I'm not sure if you're being facetious, but apparently the issue you're having is different to what I thought it was.
If linux-lts
(5.10) works then there's some sort of regression in 5.14. If 5.10 newer than 5.10.68 also don't work correctly then that regression was backported.
If there's nothing in your log files that points in any direction then the only way forwards is to perform a kernel bisection to find the commit that introduces the issue, then report that to the kernel developers.
If 5.10.68 works but 5.10.69 does not then that also narrows the range of commits significantly and will make the bisection much quicker.
https://wiki.archlinux.org/index.php/Bisecting_bugs_with_Git
Hello Jonathan,
thank you for your answer.
I am not sure if I understand you correctly.
First of all, I don't mean this as a joke, of course.
What I am stating is quite simple.
At some point my virtual machines stopped running, with the error message described above.

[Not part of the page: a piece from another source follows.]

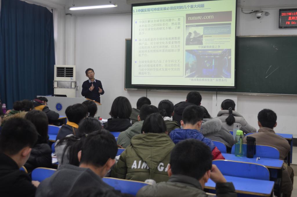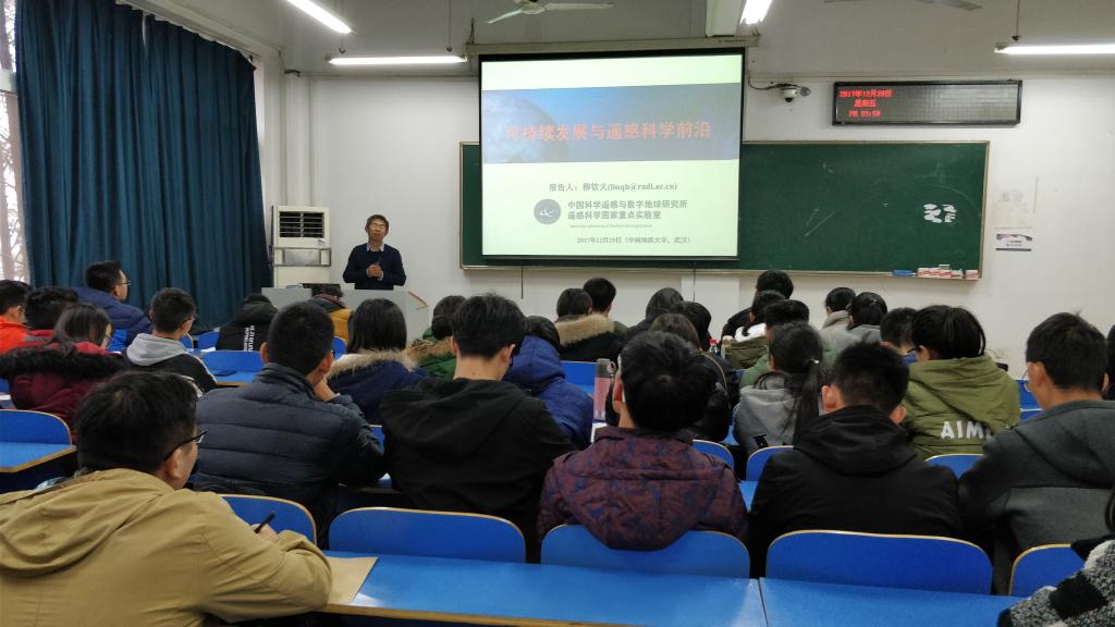 12月29日下午16:00,beat365英国官网网站2017年地球科学导论课第七讲在北区综合楼210教室顺利开课,中科院遥感与数字地球研究所柳钦火老师为beat365官网17级学生带来“可持续发展与遥感科学前沿”主题讲座。

I then switched to various other kernels and whenever they got an update, my machines stopped running again, always with the same error messages.
So I looked at the days of the updates in Timeshift and chose a specific date and restored at that time.
Now I see it running again and share the corresponding kernel state, nothing more, nothing less.
I have no idea what a 'kernel bisecting' is and I don't think I want to do that either.
It seems like @atkatana here from the Garuda forum has the same problem as me, unlike him, I'm not going to change distributions because of it though.
https://forum.garudalinux.org/t/kvm-problem-to-start-virtual-machines/13192/20
Unfortunately, I have never reported a 'bug' and I fear mail-back-and-forth, which I don't have the time or inclination to do.
Is it not possible to 'freeze' the state of my kernel until the problem is fixed and still get updates?